10. **Report.** Print the table. Flag any benchmark where `|Δ%| > 2×error%` as likely a real change (otherwise probably noise). Include the paths to the raw files so the user can share them in a PR.
## Notes
- **Stale-jar trap is the #1 source of mysterious failures.** Pinot benchmarks that fail on a subsequent run of `/bench-compare` in the same repo almost always fail because of duplicate third-party jars in `pinot-perf/target/pinot-perf-pkg/lib/` — typically `zookeeper-X.jar` + `zookeeper-Y.jar` (or equivalent for helix, netty, guava) from different builds. The failure shows up as a deeply-wrapped `ZkTimeoutException: Unable to connect to zookeeper server within timeout: 1000` (or similar NoSuchMethodError swallowed into an infrastructure-looking error). First diagnostic when a second run fails: `ls pinot-perf/target/pinot-perf-pkg/lib/ | sort | awk -F- '{v=$NF; sub("\\.jar$","",v); k=$0; sub("-"v"\\.jar$","",k); print k}' | sort | uniq -d` to spot duplicates. The fix is always `./mvnw -pl pinot-perf clean package -DskipTests -am`, never `rm` individual jars.

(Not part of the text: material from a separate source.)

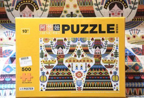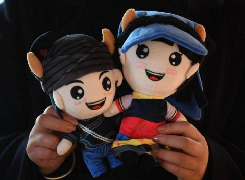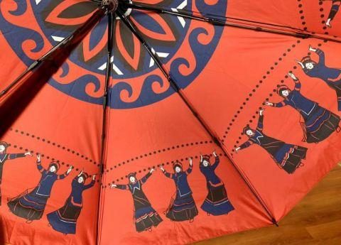 “T恤和拼图上的‘阿惹妞’就是小表妹,也有心上人的意思;黑红黄三色绣品的颜色是因为彝族将黑色视作土地,黄色代表太阳和丰收,红色则代表热情,这也是彝族文化中最有代表性的三个色彩元素;担心几代人后文字被遗忘,推出了《佳佳嫫涂色绘本》,通过简单的绘本传承彝文;结合了苏州掐丝工艺的漆刻画,一幅画的制作周期要三到六个月,基本都是订单制;彝绣系列则是以购代捐的形式,跟农村的绣娘合作,采购绣片制作笔袋、笔记本等产品;印有跳舞女孩的黄色雨伞在旋转起来则很像彝族年节时大家手牵手跳起达体舞;仿彝族漆器的花纹配色制作的陶瓷制品,降低了生产周期和成本。”郑瑶介绍道。

- Worktrees require a clean `.git`. If the repo is in the middle of a rebase/merge, abort with a clear message.
- **JDK 21 needs the full `--add-opens` / `--add-exports` flag set** for any cluster-backed benchmark (extends `BaseClusterIntegrationTest`). Without them, ZK startup fails with `InaccessibleObjectException: ... module java.base does not "opens java.lang"`. Pass via `-jvmArgsAppend=...` to `org.openjdk.jmh.Main`; CI's `pinot_tests.yml` has the canonical list.
- **The generated `pinot-<BenchmarkClass>.sh` scripts hard-code `-Xms24G -Xmx24G`.** Avoid them — use `java -cp 'lib/*' org.openjdk.jmh.Main <FQN>` directly with your own `-Xmx`.
- **Not every benchmark has a generated script.** The appassembler programs list in `pinot-perf/pom.xml` covers ~21 of ~60 benchmark classes. The direct `java -cp` invocation works for any of them.
- JMH's `-l` (list benchmarks) flag **does not help here** — Pinot benchmark classes have custom `main()` entry points that construct `OptionsBuilder` directly, ignore CLI args, and plunge straight into `Runner.run(...)` which in turn kicks off `@Setup`. For `BenchmarkDictionary` this `@Setup` alone burns 5+ minutes building dictionaries. There is no fast sanity-check short of actually running the benchmark through `org.openjdk.jmh.Main` (which at least accepts `-wi 1 -i 1 -r 1s -w 1s` to minimise it).
- Benchmarks must run on the same hardware, same JDK, same OS load. Warn the user if they're on battery power or running other heavy processes.
- Do not `sleep` between runs for "timing" reasons. If a second run fails, it is the stale-jar issue (above), not TIME_WAIT. I spent a long time chasing the timing hypothesis before spotting the classpath mismatch.
- If the benchmark's output format isn't plain JMH (e.g. `BenchmarkVectorIndex` writes a custom report), don't try to parse it — just save both outputs and tell the user where they are, with a note that manual comparison is needed.
- Never use `git stash` instead of a worktree. Stash can be lost if the second build fails and the user doesn't know to pop it.